Author affiliations are the signal, but they need interpretation:

**Company affiliation = direct commercial signal.**
An author at "Toyo Gosei Co., Ltd." or "東洋合成工業 開発部" is doing commercial
R&D. This company is active in the space.

**University-only affiliation = academic, not supply chain (usually).**
But check for two exceptions:
- **Co-authors from a company you don't recognize.** A paper with authors from
  "Seoul National University" AND "XYZ Chemical Co." means XYZ is funding or
  collaborating on that research. XYZ is your discovery lead.
- **CAS institute spinoffs (China).** An author at 中科院化学研究所 (CAS Institute
  of Chemistry) working on photoresist may be connected to a startup. Search
  for the lead author's name + 创业 (startup) or 公司 (company).

**Division names matter.**
"Samsung SDI R&D Center" working on PAGs is different from "Samsung Electronics
Semiconductor Division." The division tells you how close to production they are.

**Publication frequency = investment signal.**
One paper 5 years ago = explored and moved on. 10+ papers over 3 years = active
investment. Look at the trend, not just the count.

**Conference proceedings vs journal articles.**
SPIE Advanced Lithography, IEDM, VLSI Symposium are industry-facing. Papers there
signal commercial intent. A paper in Journal of Organic Chemistry is academic.
Companies presenting at SPIE are closer to production.

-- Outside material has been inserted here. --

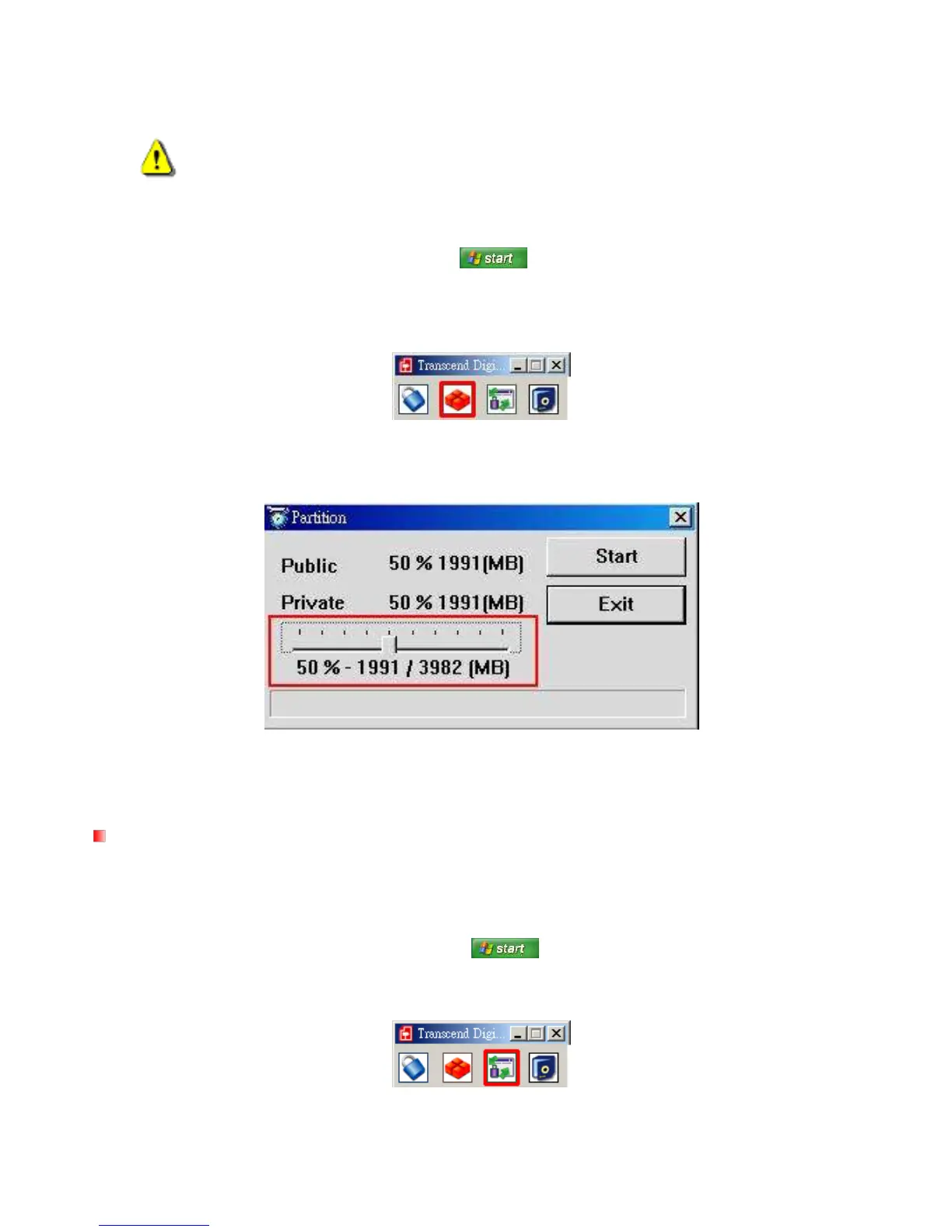 3. Click on the “Partition” button in the Transcend Digital Music Player Utility window (or the Transcend

**Funding acknowledgments (bottom of the paper).**
"This work was supported by [Company X]" or "funded by [grant from Company Y]"
is a supplier signal even when Company X isn't an author. Always check the
acknowledgments section.

**Known university-industry pairings (from academia/universities.md):**
- Korea: SKKU co-publications often signal Samsung involvement. KAIST + company
  co-authors are direct.
- Japan: Tohoku + equipment company = TEL/Kioxia ecosystem. University of Tokyo +
  materials company = likely commercial collaboration.
- Taiwan: NYCU (formerly NCTU) = TSMC pipeline. NTU + ITRI = government-backed R&D.
- China: Tsinghua, Zhejiang, Fudan + company = often Big Fund ecosystem companies.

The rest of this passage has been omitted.